Let’s have a look at the facts, some of which have already been discussed in previous articles on this website:
- The Group IV humpback population, which migrates during the winter months from their summer feeding grounds in Antarctic waters to the NW Shelf of Australia to calve in the offshore Kimberleys region, has increased at a rate very close to biological maximum while the area has been developed into a petroleum province of major importance to Australia. The following 2 figures are a subset of the figures shown in item 3 of an article titled “The right to protest or lobby should not be abused“, which outlined a series of areas in which eNGOs misinformed the public.
In conclusion, what was the impact of all that seismic surveying on the Group IV humpback population on the NW Shelf of Australia? ZERO!
- If one considers the behaviour of humpback whales in the vicinity of seismic surveys, any reasonable person would conclude that there is no adverse impacts although there may be fairly insignificant behavioural responses like avoiding the vessel (and the sound?). Another article on this website, “How loud is the sound of a breaching whale” shows that a humpback whale would need to be just 68m from an operating source to hear a sound as loud as it makes while breaching. Ironically, given the distances involved, it is just as likely, or more likely, that a humpback whale will avoid potential collision with a vessel, than avoid the sound of the seismic source. Perhaps this is why the whale in Fig 3 appears to have no problems getting “close and personal” with an operating seismic array?

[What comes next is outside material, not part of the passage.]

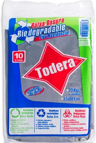
BOLSA BASURA BIODEGRADABLE GRIS*10 (65x80) (50) 7707229242565
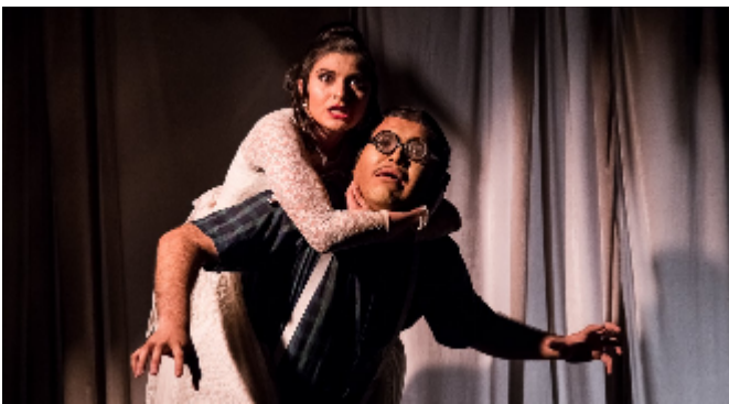
Freak Show / 2019 / Fotografía: Ernesto Jiménez

- Over recent years, one of the most comprehensive behavioural response studies conducted with whales anywhere in the world has been conducted here in Australia. It is entitled the “Behavioural Response of Australian Humpback whales to Seismic Surveys (BRAHSS)“. The controlled exposure experiments were mainly carried out within approx 10km of Peregian Beach, Sunshine Coast, Australia, during the southerly migration of the Group V humpback population each September/October over a number of seasons. The seismic source was increased in each season from 20 cubic inches in 2010, 440 cubic inches in 2011 and a full commercial array of 3130 cubic inches in 2014. 2012 was an analysis year and in 2013 there was an attempt to replicate the 2011 study on the West Coast of Australia near Geraldton. Although the 2014 results (with the full 3130 cubic inch array) have not yet been published, the results of exposing humpback whales (including cow/calf pairs) to the 20 cu in array and a soft start procedure using a small array up to 440 cu in are published in the highlighted links (however, as the first paper is not open access, the link takes the reader to the abstract and details about the publication). Key findings of these first two papers were:i) “Results suggested that humpback whale groups responded by decreasing both dive time and speed of southwards movement though the response magnitude was not found to be related to the proximity of the source vessel, the received level of the air gun, the tow path direction, or the exposure time within the during phase. There was no evidence of orientation of the groups towards, or away from, the source vessel in the during phase. Interestingly, this behavioural response was found in the control trials as well as the active trials suggesting a response to the source vessel.” in the case of the 20 cubic inch trial; and
ii) “Humpback whales are likely to move away from a source during a ramp-up sequence; Starting at a higher initial level was no better at triggering whales to move away, and; Using a ramp-up procedure would limit acoustic exposure while close to the source.” In addition “ ‘Control’ groups also responded suggesting the presence of the source vessel had some effect.” in the case of the small array up to 440 cubic inches.